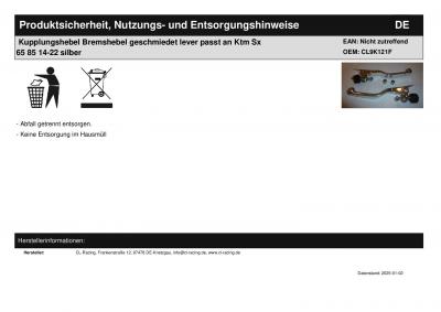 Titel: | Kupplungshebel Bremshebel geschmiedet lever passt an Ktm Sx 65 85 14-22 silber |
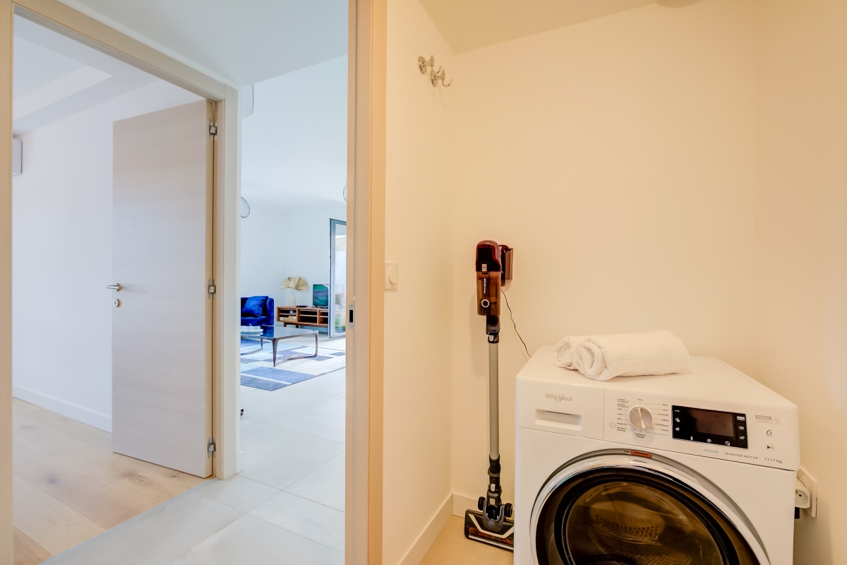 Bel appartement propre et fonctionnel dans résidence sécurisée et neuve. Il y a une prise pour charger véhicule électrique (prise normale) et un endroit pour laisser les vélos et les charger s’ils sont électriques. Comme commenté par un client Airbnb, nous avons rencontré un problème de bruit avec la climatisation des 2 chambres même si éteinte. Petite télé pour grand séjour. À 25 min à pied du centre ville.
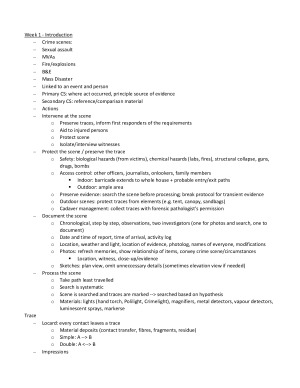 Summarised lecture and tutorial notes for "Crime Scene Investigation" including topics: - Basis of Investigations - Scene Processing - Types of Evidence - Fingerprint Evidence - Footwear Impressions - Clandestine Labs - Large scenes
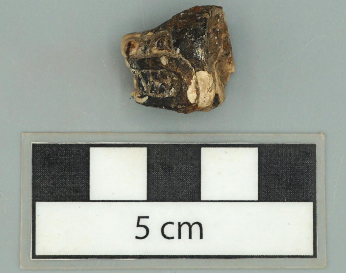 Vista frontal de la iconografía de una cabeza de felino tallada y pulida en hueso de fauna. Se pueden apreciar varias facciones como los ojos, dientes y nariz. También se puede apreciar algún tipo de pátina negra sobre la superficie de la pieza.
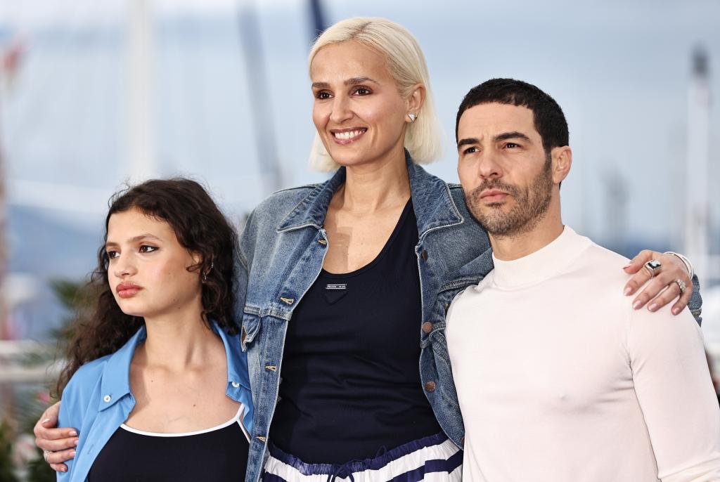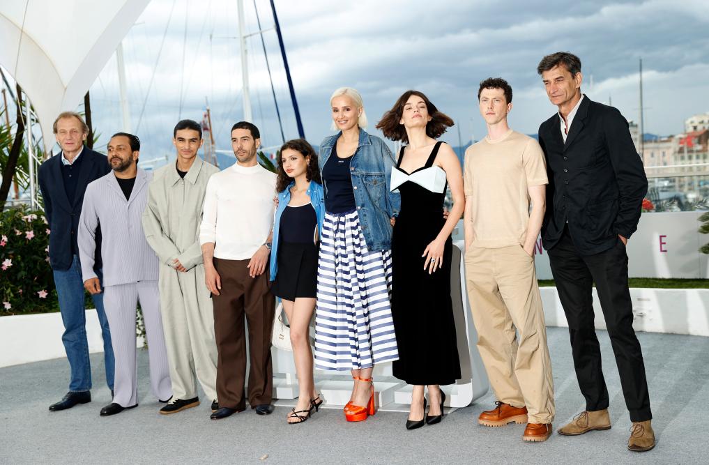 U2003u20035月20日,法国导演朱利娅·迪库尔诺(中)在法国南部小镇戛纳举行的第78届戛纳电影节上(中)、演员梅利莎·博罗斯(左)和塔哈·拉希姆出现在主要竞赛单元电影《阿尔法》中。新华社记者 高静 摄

==

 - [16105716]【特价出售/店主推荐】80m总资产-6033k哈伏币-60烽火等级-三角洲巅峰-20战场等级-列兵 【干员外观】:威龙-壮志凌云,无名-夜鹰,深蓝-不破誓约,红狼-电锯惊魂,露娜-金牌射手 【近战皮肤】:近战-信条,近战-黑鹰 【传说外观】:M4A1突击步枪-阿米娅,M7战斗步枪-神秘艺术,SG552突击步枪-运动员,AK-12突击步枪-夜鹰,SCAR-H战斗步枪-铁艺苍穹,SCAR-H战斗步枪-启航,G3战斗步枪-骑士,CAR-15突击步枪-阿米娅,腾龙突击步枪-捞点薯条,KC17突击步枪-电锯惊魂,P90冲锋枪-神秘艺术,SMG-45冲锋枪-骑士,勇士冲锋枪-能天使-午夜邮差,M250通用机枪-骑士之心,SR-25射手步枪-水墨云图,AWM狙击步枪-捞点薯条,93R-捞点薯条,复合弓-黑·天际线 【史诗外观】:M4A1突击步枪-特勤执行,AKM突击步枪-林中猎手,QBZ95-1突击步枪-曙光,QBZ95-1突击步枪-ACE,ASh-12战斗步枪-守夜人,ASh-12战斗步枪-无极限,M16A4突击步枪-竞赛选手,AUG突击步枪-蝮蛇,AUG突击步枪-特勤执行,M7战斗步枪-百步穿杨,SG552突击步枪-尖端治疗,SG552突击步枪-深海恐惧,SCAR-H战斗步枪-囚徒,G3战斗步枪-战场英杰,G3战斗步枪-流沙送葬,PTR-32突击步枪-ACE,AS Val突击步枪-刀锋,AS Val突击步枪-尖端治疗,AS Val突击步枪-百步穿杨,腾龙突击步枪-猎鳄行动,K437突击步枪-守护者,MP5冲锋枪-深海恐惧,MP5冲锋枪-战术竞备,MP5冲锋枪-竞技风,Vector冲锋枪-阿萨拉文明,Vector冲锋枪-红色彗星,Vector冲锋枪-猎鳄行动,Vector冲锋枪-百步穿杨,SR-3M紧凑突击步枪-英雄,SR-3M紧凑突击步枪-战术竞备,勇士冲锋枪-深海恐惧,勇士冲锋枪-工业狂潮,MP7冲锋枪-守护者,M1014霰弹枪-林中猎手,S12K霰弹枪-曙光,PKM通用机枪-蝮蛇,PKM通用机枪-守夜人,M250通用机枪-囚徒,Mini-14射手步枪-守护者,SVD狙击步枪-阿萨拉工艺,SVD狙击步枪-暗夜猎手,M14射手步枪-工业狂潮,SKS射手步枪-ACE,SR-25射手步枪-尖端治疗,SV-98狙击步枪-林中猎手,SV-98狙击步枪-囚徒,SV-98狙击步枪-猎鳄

---

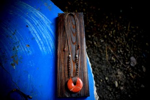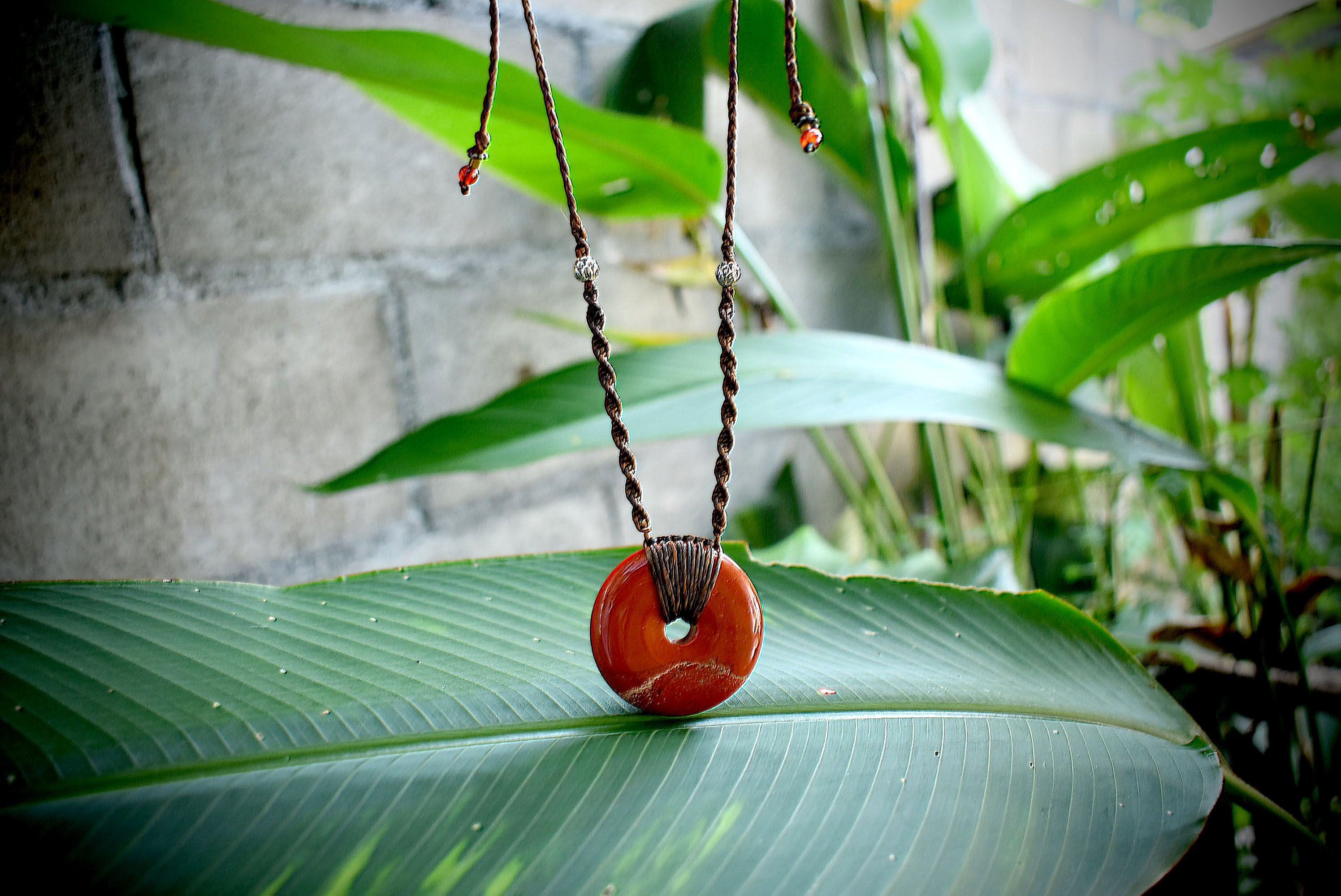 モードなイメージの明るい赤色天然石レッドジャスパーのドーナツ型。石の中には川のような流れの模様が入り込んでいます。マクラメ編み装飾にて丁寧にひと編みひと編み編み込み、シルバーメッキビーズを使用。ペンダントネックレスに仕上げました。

Your task: "Titel: | Kupplungshebel" marks the first line to copy, and "Bel appartement propre" marks the last. Repeat that stretch above exactly, with no pictures.

Result of this exercise:
 Titel: | Kupplungshebel Bremshebel geschmiedet lever passt an Ktm Sx 65 85 14-22 silber |
 Bel appartement propre et fonctionnel dans résidence sécurisée et neuve. Il y a une prise pour charger véhicule électrique (prise normale) et un endroit pour laisser les vélos et les charger s’ils sont électriques. Comme commenté par un client Airbnb, nous avons rencontré un problème de bruit avec la climatisation des 2 chambres même si éteinte. Petite télé pour grand séjour. À 25 min à pied du centre ville.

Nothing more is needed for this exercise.